A saint, whose life had been spent in such deep love, could not but die of love. Unable to love his dear Jesus as he would have wished amid the distractions of this life, and having done the duty demanded by our Lord’s tender years, it only remained for him to say to the Father: I have achieved the task which thou gavest me to do (Jn. 17:4); and to the Son: “My Child, your heavenly Father entrusted your body into my hands on the day you came into this world; now, on the day appointed for me to leave the world, it is into your hands that I commend my spirit” (cf. Ps. 30:6; Lk. 23:46).
So – as I picture it – he died, this great patriarch, a man chosen to perform for the Son of God the tenderest, most loving offices possible, after those which his heaven-sent Spouse fulfilled – she who was the true Mother of that same Son.
In her case, it is impossible to imagine her dying of anything but love.
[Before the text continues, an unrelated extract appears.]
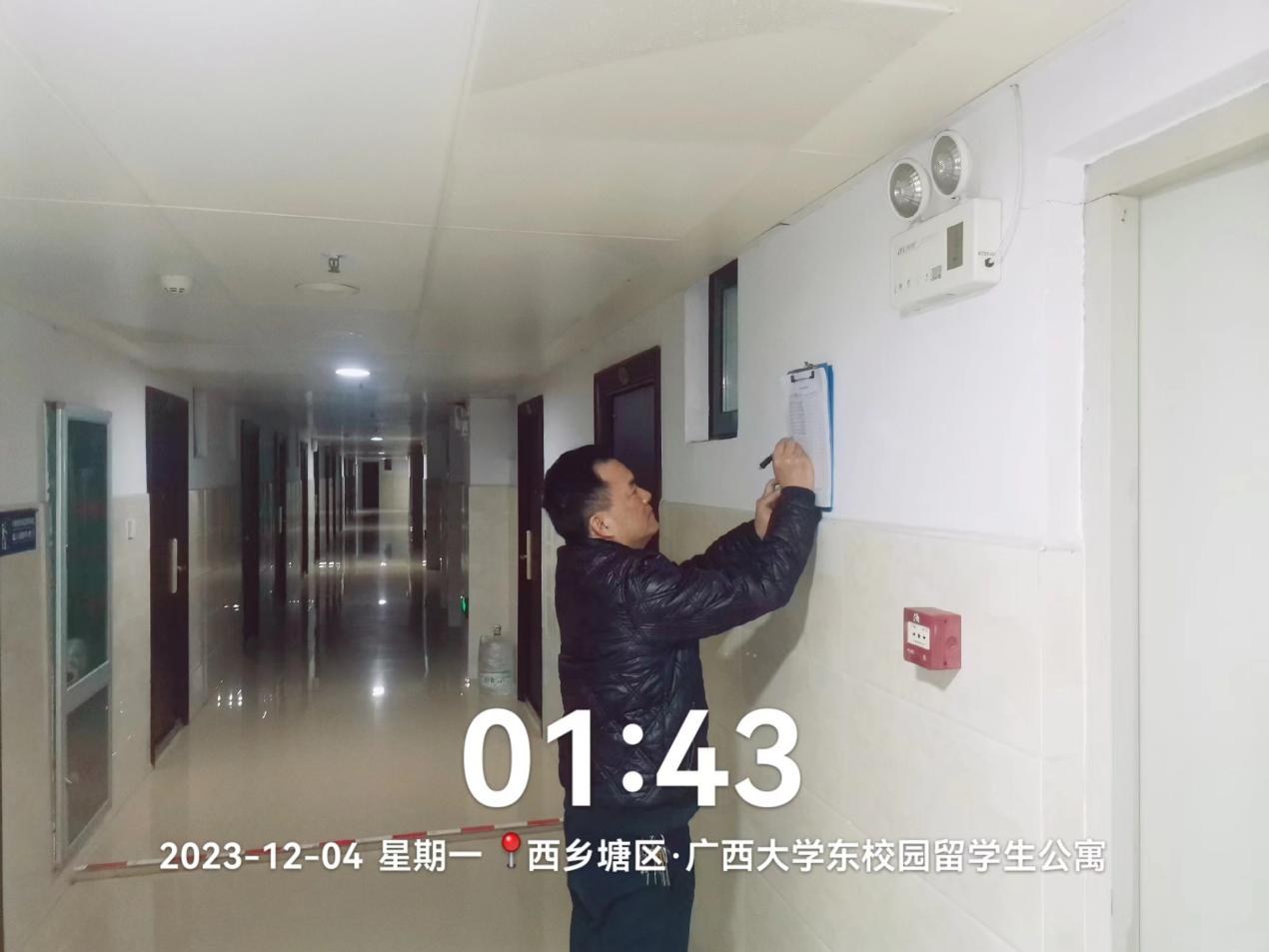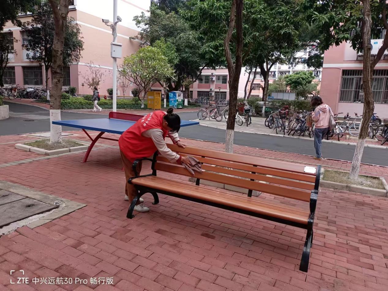 认真做好园区内各种设备设施和33间自习室的保洁维护工作。每日检测园区热水机组温度以及洗衣机的运营情况,定时检查园区消防设备设施情况。擦拭学生公寓园区内472个生活设施(其中公共长椅102张,乒乓球桌152张,晾衣架134个、健身器材84个)。

That is the noblest of deaths; consequently, it is a death befitting the noblest of human lives – a death the angels themselves would long for, were they capable of dying.
If the early Christians were described as having one heart and soul (Acts. 4:32), on account of their perfect mutual love; if St. Paul was alive to self no longer, but Christ lived in him (cf. Gal. 2:20), by reason of the close union of heart between him and his Master, so that his soul’s real life was no longer in the human heart it animated, but in the Saviour’s heart it loved – how much truer it is to say, God knows, that the blessed Virgin and her Son had only one heart, one soul, one life; that this holy Mother was living, though not with her own life … Christ was alive in her!
Now, if this Mother lived with her Son’s life, then she also died of her Son’s death: as a person lives, so do they die. The Virgin Mother gathered in her heart – through her ever-vivid memory of them – all the lovable incidents of her Son’s life and death. She was always in direct contact with the most ardent inspirations that her Son, in his sunrise of restoration (Mal. 4:2), casts upon the hearts of men from the noonday blaze of charity. In addition she was constantly engaged in active contemplation, until the fire of God’s love consumed her utterly – a holocaust of sweetness.
In other words, she died of love, her soul enraptured, transported into the embrace of her Son’s love. How lovingly her death led to life, how inevitably her love led to death!